SIMC_SIR_Exercise_3.Rmd

---
title: "SIMC_SIR_Exercise_3"
author: "Daniel T Citron"
date: '2023-07-09'
output: html_document
---

```{r setup, include=FALSE}
knitr::opts_chunk$set(echo = TRUE)
```

# Exercise 3: Model calibration

Load the plague data
```{r}
plague.dat = read.csv(file = "plague_data.csv", header = TRUE)

plague.dat <- plague.dat %>% mutate(time = row_number())

plague.dat %>% head
```

Define a cost function for quantifying the sum of squared errors - the difference between the data and our model:
```{r}
sir.sse <- function(model.func, parameters, dat) {
    
    # Calculate model output
    output <- as.data.frame(ode(y = initial_state_values, 
                            times = times, 
                            func = model.func,
                            parms = parameters))
    
    # Calculate sum-of-squares (sse) of model fit
    output <- merge(output,plague.dat, by = "time") %>%
      mutate(sse = (I - Deaths)^2 )
    
    sse = output$sse %>% sum

    return(sse)

}

#sir.sse(sir_model, parameters = c(beta = 2.55, gamma = 2.11), dat = plague.dat)
```

Use an optimization function to find the parameter set which minimizes the sum of squared errors between the plague data and the infectious disease model. Assume an initial population of 55000 people and that the infection first starts on week 10:
```{r Run the calibration}
# Initial guess for parameters
parameters = c(beta = 1., gamma = .5)

# Define times - start at week 10
times = seq(from = 10, to = 60, by = 1)

# Initial state values
initial_state_values <- c(S = 54999,
                         I = 1,
                         R = 0
)

# Use optim to find the parameter set which comes closest to fitting the data
# Minimizes sum of squared errors function defined above
fitval <- stats::optim( par = parameters,
                  fn  = sir.sse,
                  model.func = sir_model,
                  dat = plague.dat,
                  gr = "BFGS"
             )

# Parameter values from the optimization:
fitval$par

```

```{r}
sir.sse(sir_model, fitval$par, plague.d)
```

Run the model using the optimized parameter values, and plot to compare against the data:
```{r Plot model using optimized parameter values }
sir.fit <- deSolve::ode(initial_state_values, 
                        seq(from = 10, to = 55, by = 1), 
                        sir_model, 
                        parms = fitval$par, # Optimized parameter values
                        )
sir.fit <- data.table::as.data.table(sir.fit)

p <- ggplot() + 
  geom_line(data = sir.fit, 
            mapping = aes(x = time, y = I), 
            color = 'red', size = 2 ) + 
  geom_point(data = plague.dat, mapping = aes(x = time, y = Deaths), size = 3) + 
  ylab("Deaths") + xlab("time (Weeks)") + 
  theme(axis.text = element_text(size = 20),
        axis.title = element_text(size = 24)) + 
  theme_bw()

p
```


## Question: What is R0 for your fitted model?

## Question: What do you notice about your fitted model?
Look at the plot above: what do you notice about it? Where does it do a good job of fitting the data? Where does it fail to fit the data?
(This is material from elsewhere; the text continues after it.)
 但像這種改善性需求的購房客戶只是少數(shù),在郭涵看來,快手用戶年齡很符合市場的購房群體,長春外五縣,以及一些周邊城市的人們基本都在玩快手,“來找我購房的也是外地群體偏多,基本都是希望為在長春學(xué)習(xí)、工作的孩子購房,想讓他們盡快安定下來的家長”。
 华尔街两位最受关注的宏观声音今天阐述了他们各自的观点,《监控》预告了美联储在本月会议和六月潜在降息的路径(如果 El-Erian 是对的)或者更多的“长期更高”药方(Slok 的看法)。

What might we change about the assumptions of our model to improve the model fit?

## Question: What is missing from our model?

The SIR model is very simplistic - can you think of any aspects of disease transmission which we could add to our model in order to make the fit more realistic?
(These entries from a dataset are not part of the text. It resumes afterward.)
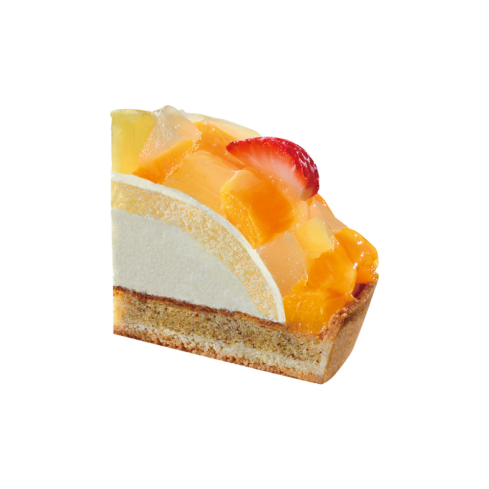 黄桃・白もも・洋ナシ・パイン・苺の5種類のフルーツを楽しめるフルーツタルトです。
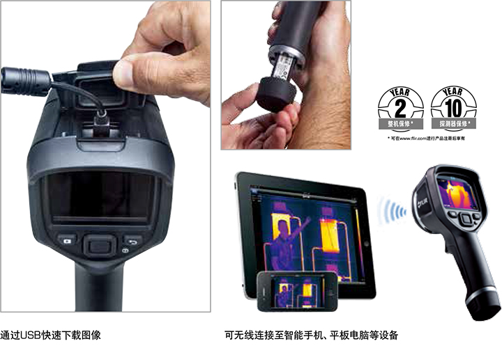 FLIR E4、E5、E6和E8紅外熱像儀功能強大、簡單易用且價格極 為經濟實惠,是建筑、電氣和機械應用領域的理想故障排除工具。 提供四種分辨率供選(從80×60到320×240紅外像素),可滿足您 對目標尺寸、工作距離和細節的所有需求。這幾款熱像儀均采用 MSX ? 技術,可提供非同一般的熱成像細節。具有Wi-Fi連接功能, 能通過FLIR Tools移動應用程序連接至智能手機和平板電腦,可從 任意地點輕松地分享圖像、發送報告,便于您更迅速地作出關鍵決 策。Ex系列熱像儀通過提供熱圖像助您發現隱藏的問題、獲得精 確的溫度測量結果,是老式紅外測溫儀理想、劃算的替代產品。
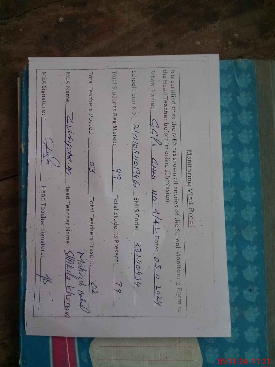 | Name: SH**** KH**** Designation: (School Headmaster's/Headmistress's) PST Phone/Cell Number: 03**** |
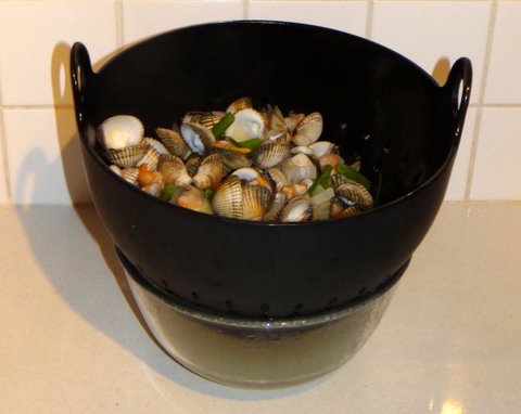Drain the clams and catch the clam ‘juice’.

## Optional questions to consider

* If we vary the initial guess for the parameters, does the answer change in a meaningful way?
* What happens if we do not assume that the initial population size is known at the start? How should we change the calibration?
* What happens if we assume that not all cases are reported on, and that the data represented here are systematically under-counting, but we do not know by how much? How should we change the calibration?